谁能告诉她,为什么耍酒疯还带续杯的?

    所有的心思只能暂时搁浅,季晓无奈,打开手机发了个生无可恋的表情包。

    【想一个人】

    没打完字,柯遇已经开了门,披着被子:“当当当当当!看我!像不像白娘子?”

    “咳!咳咳咳咳咳!”季晓手忙脚乱丢了手机抢救自己的被褥。

    觉得现在上头的那个不应该是这个疯子,而是自己。

    “我是不是说过我能走直线?”

    “是是是。”

    “那你看着我!我走给你看!”

    “你走,你走。”

    柯遇当真沿着地板缝打房间门口往沙发走过去,发现新大陆一般:“哎?你要发朋友圈啊?”

    “没,不是,哎!”

    来不及抢回自己的手机,柯遇就呕了一声。

    “不是,柯遇!你耍我的吧?!”

    “我……呕……”

    我想一个人静静!!!!!!!!!

    生活总归一场闹剧,季晓收拾完所有东西的时候,身心疲惫。

    好容易重新窝回沙发,却是怎么也睡不着了。

    脑子比身体精神,只能逼迫自己闭着眼睛。

    结果就是第二天醒来的时候,头重脚轻。

    一看才发现睡不踏实把被子掀了。

    难怪越睡越冷。

    季晓扶着额头起来,根本无法完全睁开眼,然后吸了鼻子。

    不通。

    甩了甩脑袋,季晓裹了一件毛衣往厨房区烧水,然后就听得手机铃声从沙发下边传来。

    费劲巴拉掏出来,对面已经挂断。

    几秒钟后,又开始新一轮的铃声。

    陌生的号码。

    “喂?”

    “你好季老师,不好意思打扰了,我是穆彦。”

    把人连拖带拉送到小区门口,季晓终于把想要装鹌鹑的人交付了出去。

    “乖,喜欢就是喜欢,不论有什么事情,好好面对。”

    不顺意,季晓又补了一句:“反正,别再折腾我了,好不好啊姐姐?”

    柯遇也知道自己昨晚没干啥好事,多多少少有点印象,理亏,只能直面穆彦。

    后者目光执着,不容她忽略。

    一个人折回电梯口的时候,季晓狠狠打了个喷嚏。

    接着,就见邢禹成穿着一身运动服进了单元楼。

    “季老师。”

    “邢警官。”有点冷,季晓将毛衣领子拉高了些。

    “季老师感冒了?”

    “嗯?”

    邢禹成指了指自己的喉咙:“声音,哑了。”

    “哦,可能是受凉了吧。”季晓笑笑,“喝了药了。”

    邢禹成与她一并上的电梯,顶上的红色数字一点点跳动,沉默了两楼,他终于还是开了口:“季老师昨晚,心情不好吗?”

    什么意思?

    季晓看他,柯遇闹了几次,确实折磨人,不过,反而叫她没有了感花伤月的心思。

    所谓心情不好,又是从何而来?

    大概是她困惑得太明显,邢禹成便也低头笑:“不好意思啊,不是故意探听你的私事。只是觉得,如何季老师不开心的话,可以与我说说。有些人有些事,终究是要过去的。”

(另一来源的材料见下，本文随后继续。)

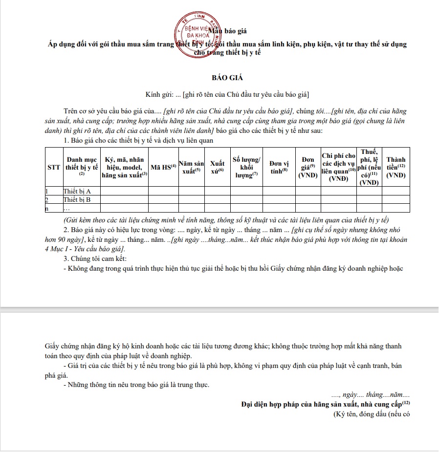 Yêu cầu báo giá gói thầu Mua sắm một số vật tư dùng cho cấp cứu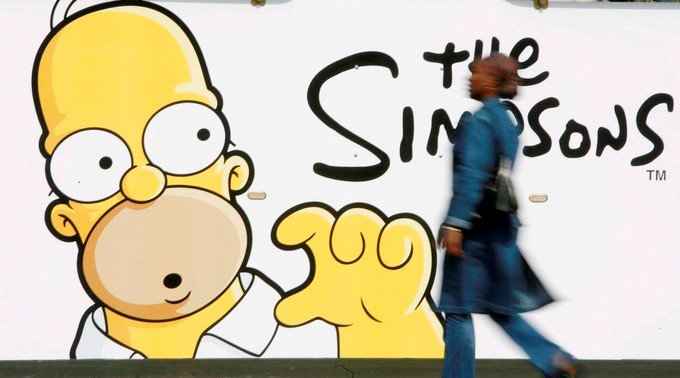 Una mujer pasa por delante de un cartel publicitario de la película de Los Simpson. EFE/Archivo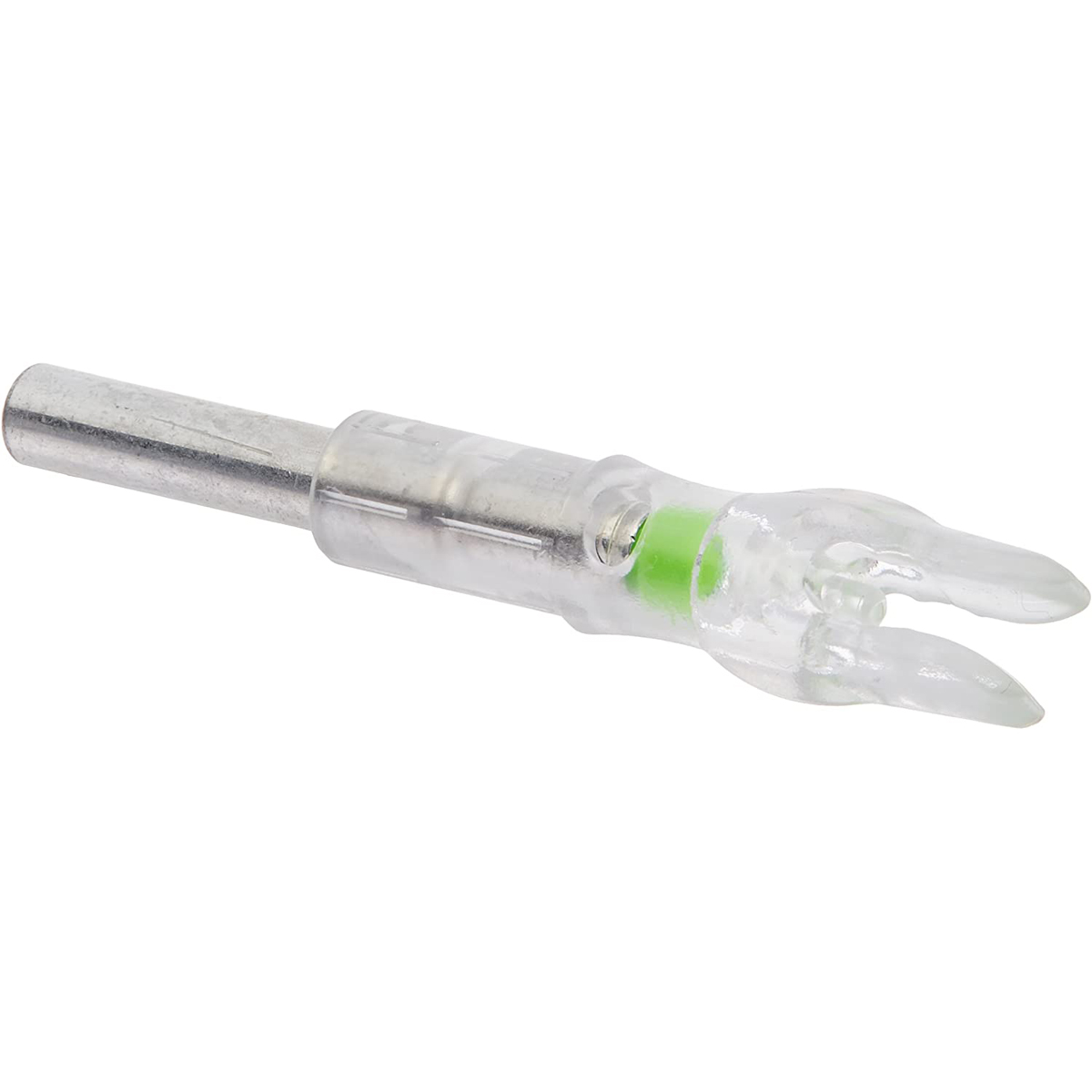 Nockturnal's Red Lighted X-Nock features exclusive patented linear switch that is design works every time, no wires or connections. The simple bowstring activated push-on switch easily switches off when done and offers an extended burn time of 20+ hours. This lighted nock is waterproof and weatherproof so you can use in any conditions. See your arrow impacts under any light and find that arrow on pass-through shots.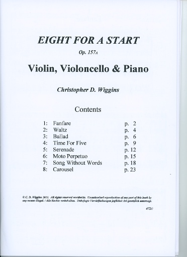 Wiggins, Christopher: Eight for a Start, Op.157A (violin, cello & piano)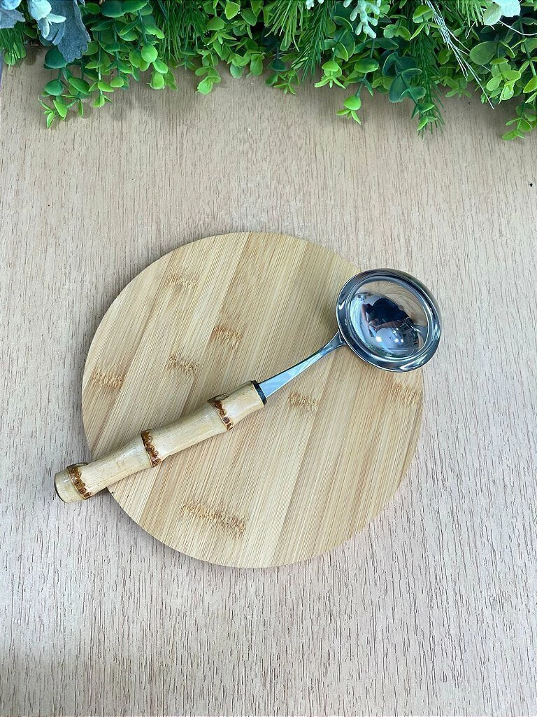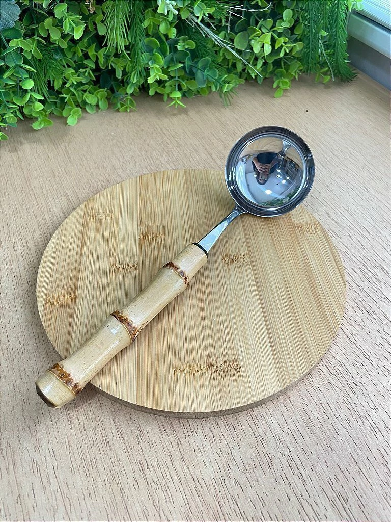 Seu design ergonômico garante um manuseio confortável e seguro, ideal para servir diversos alimentos, como molhos, sopas, feijão e muito mais. Além de ser leve e resistente, o bambu é naturalmente antibacteriano, o que contribui para uma cozinha mais higiênica.

    “好的,谢谢啊。”季晓礼貌地道别,并没意识到他说的什么。

    直到回了家拎起餐桌上的手机打开微信,瞧见一堆新消息,才觉得没有什么比让自己的手机落入醉鬼手里更恐怖的事情了。

    生无可恋的表情包上赫然一行字。

    【想一个人。】

    真是谢谢你了,柯遇。

    竟然还给我加了标点符号。

    除去杨虹、大奔的双排问号,季学亭的质问仿佛自带音效。

    【季晓!你想哪个男人了你?!你回话!】

    打开季学亭的对话框,对方还在输入中。

    哥哥太关心你怎么办?

    季晓清了清嗓子,按下语音键:“如果我说,昨晚我同事喝多了酒,拿我手机乱发,不是,如果我说,我原本只是想说我想一个人静静你信不信?”

    三秒钟后。

    【季学亭:你当你哥是傻子?】

    摆烂算了。

    【季晓:爱信不信。】

    摊回沙发的下一秒,季晓猛地又睁开眼。

    她的朋友圈被大家误会成这样,那梁予衡呢?他是不是也看见了?!

    赶紧重新扒开微信,删掉了这个狗血的状态。

    接着,又自嘲笑了。

    也不知笑什么。

    梁予衡再去划状态的时候,那一条刺眼的朋友圈已经不见了。

    屏蔽他了吗?

    男人下颌线绷紧,孤坐在椅子上,不知在想什么。

    许久,梁予衡丢下手机,张手搓了搓脸。

    而后,起身出门。

    去社区医院挂了水回来,天都黑了,季晓顺便买了点泡腾片。

    不想又碰上了下班回来的邢禹成。

    “上车?”

    “不用了。”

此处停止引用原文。